Llegada la comitiva de jueces, escribanos, protagonistas y mirones a la ermita del Cristo, consideró don Pedro que era llegado el momento de tomar declaración a tan alto testigo:
—Hijo de María: ¿juras que es cierto que don Diego Martínez dio aquí, en tu presencia, palabra de matrimonio a doña Inés de Vargas? —preguntó el notario, mientras acercaba hacia él la Biblia.
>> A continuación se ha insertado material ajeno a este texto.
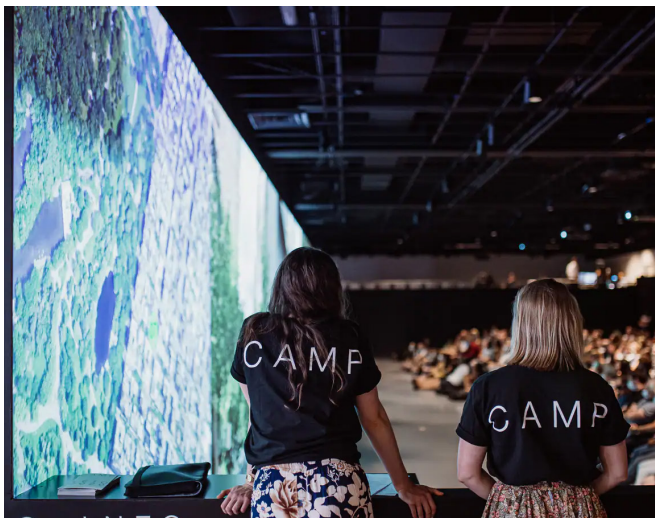
Obrázek 19 Hlavní sál CAMP Praha, zdroj: (CAMP - navštivte nás, nedatováno)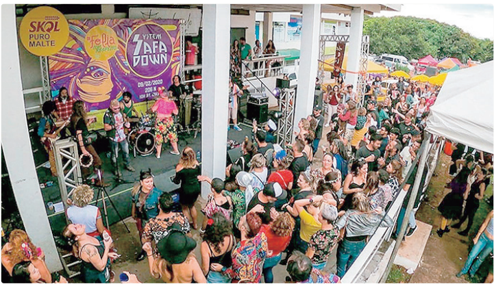
Concentração será no domingo (15), na saída do metrô da Galeria dos Estados

Guitarras distorcidas, fantasias sem regra, crítica afiada e muito carnaval fora da caixinha tomam conta do Setor Carnavalesco Sul quando o bloco System Safadown completa cinco anos de história no carnaval de rua de Brasília, em um encontro marcado para o dia 15 de fevereiro, com concentração a partir das 15h, na saída do metrô da Galeria dos Estados. A proposta transforma a rua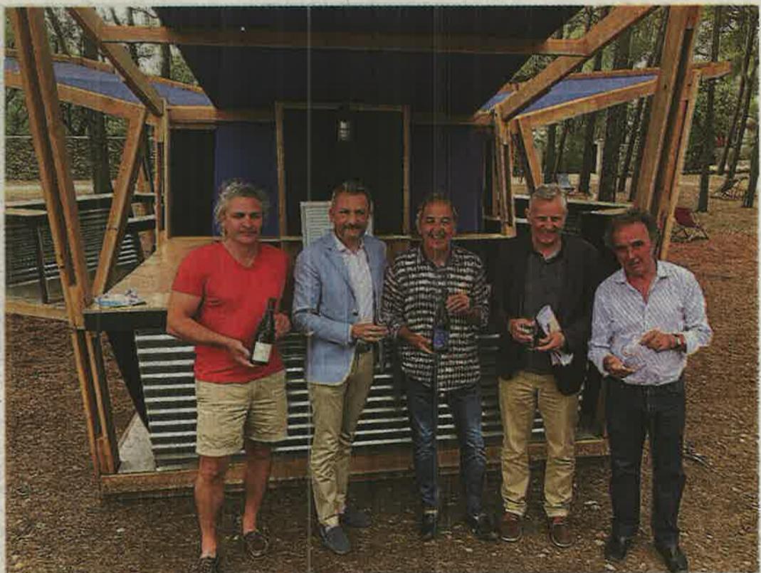
Le vin à l'honneur au Domaine d'O, avec la valeur "famille" en ligne de mire.

Parents, enfants sont conviés à venir festoyer autour des valeurs de la vigne. Un programme spécial a été mis en place pour les plus petits, avec des ateliers sur le jus de raisin, l'eau aromatisée, le recyclage. Côtés vignerons, ils seront 48 répartis sur les trois dates. Pour débuter vendredi soir, Picpoul de Pinet, Terrasses du Larzac, les appellations Montpeyroux et Saint-Drézéry, Pic-Saint-Loup viendront ravir les convives, avec des producteurs locaux de mets du terroir. Le tout autour de la danse et des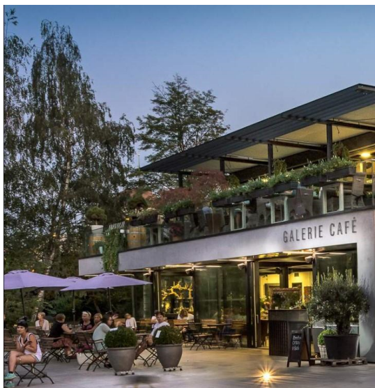
Obrázek č. 4: Galerie Café (Park Restaurant 2019)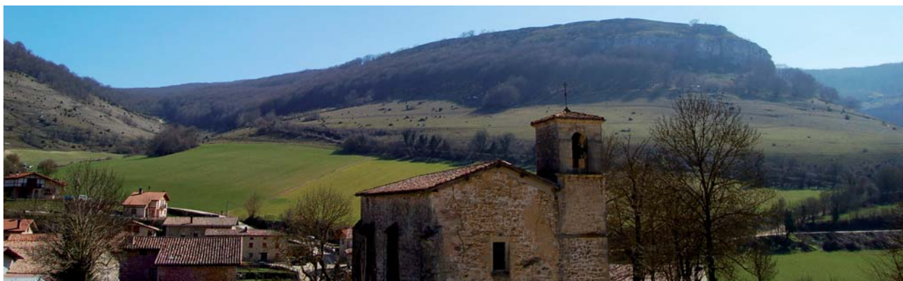
Vistas del pueblo de Okina, final de etapa.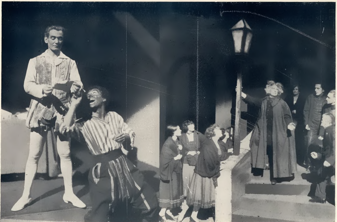
„Fiesko“ von Schiller. Regie und Bühnenbild: Pohl Feldhammer Richter

genannt werden. Bemerkenswerte Darsteller sind auch Richter, Paryla und Gelingk, die als Vertreter des jugendlichen Faches das „Provinz“-Niveau überragen. Zur alten Garde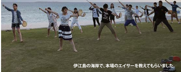
伊江島の海岸で、本場のエイサーを教えてもらいました。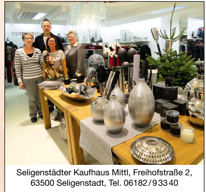
Seligenstädter Kaufhaus Mittl, Freihofstraße 2, 63500 Seligenstadt, Tel. 06182/9 33 40

Y una voz sobrenatural que llenó todo el recinto, exclamó:
—¡Sí, juro!
Y entonces, la imagen despegó de la cruz una ensangrentada y desgarrada mano que posó sobre el libro en señal de juramento. Sobrecogidos los presentes, nadie supo qué hablar, y don Diego, tembloroso, cedió ante tan buen testigo y cumplió su palabra con doña Inés, aunque quién sabe si ambos, espantados ante el prodigio, no decidieron renunciar a las vanidades de este mundo y profesar como religiosos en alguno de los conventos que encierra la ciudad. La imagen del Cristo de la Vega, desde entonces, ha permanecido siempre así, con el brazo desenclavado.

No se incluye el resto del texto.